Nous voudrions dire en préliminaire que, nous sommes frappés par la formidable inflation de documentation publique sur tous ces sujets. Les ministères de l’agriculture et de l’écologie, leurs direction régionales, les FREDON, les chambres d’agriculture, ici Plantes & Cités largement subventionné, l’armada des collectivités locales....... il y a incontestablement de la redondance et une source d’économie des deniers publics. Plus exactement de leur réaffectation dans des tâches ayant plus de valeur ajoutée nous pensons en particulier aux enquêtes terrain sur la progression des infestations sur l’appréciation des moyens mis en œuvre pour les contrôler en liaison avec nos instituts de recherche l’INRA, CIRAD......

 L’information du public ne serait pas pour autant appauvrie puisqu’il y a toutes les autres sources d’information émanant de structures privées, nous pensons en particulier, aux firmes ou à des supports de presse (exemple Forum Phyto ou lettre professionnelle A&E).

Que faut-il signaler dans cette revue de presse ?

 * une conférence de l’Île-de-France qui évoque pour partie le charançon rouge (??) sans la moindre indication des stratégies d’éradication.

 Quelle absence faut-il regretter dans une veille technologique ZNA à destination des professionnels ?

 * Saisine n° 2015-SA-0142 Avis Anses 7/01/16 . Un document extrêmement important qui malgré la complicité du sujet est parfaitement lisible et constitue un vrai démenti à tous ceux qui préconisaient un retrait immédiat et sans autre discussion des néo-nicotinoïdes et donc pour nous du Confidor. Dans les semaines qui viennent nous allons nous attacher à la rédaction d’une note de rappel de toutes les précautions à prendre lors de l’utilisation de cet insecticide particulièrement concernant son danger pour les abeilles en période de pollinisation.

Citons seulement la conclusion mais la lecture du document vaut vraiment le coup.

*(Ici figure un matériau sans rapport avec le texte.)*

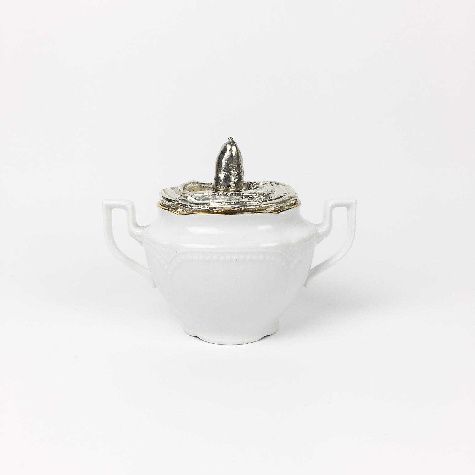 Porcelánová, oválná cukřenka s chybějícím víčkem. Tak jsem jej domodelovali. Dále pokoveno a postříbřeno.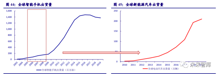 参考智能手机发展历程,2020 年的新能源汽车如同 2008 年智能手机,处于爆发前夜。2008 年 6 月,苹果发布 iPhone 3G,这是首款支持第三方应用的苹果手机,同年 10 月,HTC 公司 生产了第一台安卓手机“T-Mobile G1”。值得注意的是,当时的消费者仍在关注外观尺寸、触 摸屏、全键盘等问题,甚至许多主流科技媒体都没有意识到 Android 和 iOS 智能系统将在未来 带来革命性变革。直到 2010 年“再一次,改变一切”的 iPhone 4 发布,手机从通讯设备变成了 集通讯、娱乐、办公为一体的智能化信息终端,全球智能手机迎来爆发式增长。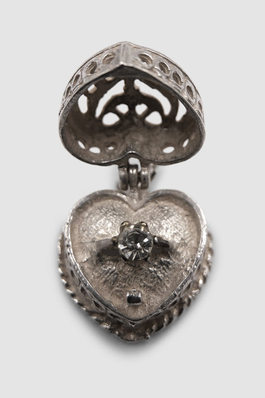 The Opening Engraved Heart Jewellery Box Vintage Charm (925 Sterling Silver)

4. CONCLUSIONS ET RECOMMANDATIONS DE L’AGENCE
En prenant en compte le rapport Anses relatif aux co-expositions des abeilles aux facteurs de stress, les avis de l’EFSA, les analyses récentes de la littérature et les dernières publications portées à l’attention de l’Agence, les conclusions suivantes sont proposées.
En l’absence de mesures de gestion adaptées, l’utilisation des néonicotinoïdes entraîne de sévères effets négatifs sur les espèces non-cibles qui fournissent des services écosystémiques incluant la pollinisation et la lutte intégrée. Ils entrainent notamment des effets sublétaux lorsque les espèces non-cibles sont exposées à des doses d’exposition faibles pendant de longues périodes.
Malgré des efforts de recherche considérables, il existe toujours un manque de connaissances concernant l’impact des néonicotinoïdes sur les abeilles. Les études publiées ne sont pas toujours représentatives de la diversité des usages des néonicotinoïdes. Des voies d’améliorations méthodologiques possibles ont été identifiées. Ainsi, par exemple, en ce qui concerne les études en champ le niveau d’exposition aux néonicotinoïdes et les effets sur les abeilles doivent être traités de façon simultanée dans ces essais. Par ailleurs, il est nécessaire de disposer de plus d’études liant les effets individuels à des effets mécanistiques et évaluant les conséquences à moyen et long termes pour les colonies et les populations.
En termes de sensibilité des différentes espèces, les bourdons semblent, de manière générale, moins sensibles que les abeilles domestiques en ce qui concerne la toxicité aiguë, ce qui peut s’expliquer par la différence de taille des différents organismes. Cependant, cette tendance peut ne pas se révéler vraie pour des effets sublétaux. De plus, les comportements des différentes espèces peuvent conduire à des effets différents, en particulier pour les espèces solitaires ou celles qui nichent dans le sol. Ainsi, il n’est pas possible d’évaluer les effets sur les espèces sauvages à partir des éléments disponibles uniquement pour les abeilles domestiques. Les évolutions méthodologiques en cours permettront à moyen terme de progresser dans ce domaine et d’évaluer les effets des produits phytopharmaceutiques dans les conditions d’utilisation, également pour ces espèces.
A la lumière des conclusions des évaluations menées par l’EFSA depuis 2013 et des analyses disponibles de la littérature une analyse préliminaire relative à l’impact des nouvelles données sur les évaluations des préparations et des usages autorisés en France a été effectuée par l’Anses et est présentée en annexe 2.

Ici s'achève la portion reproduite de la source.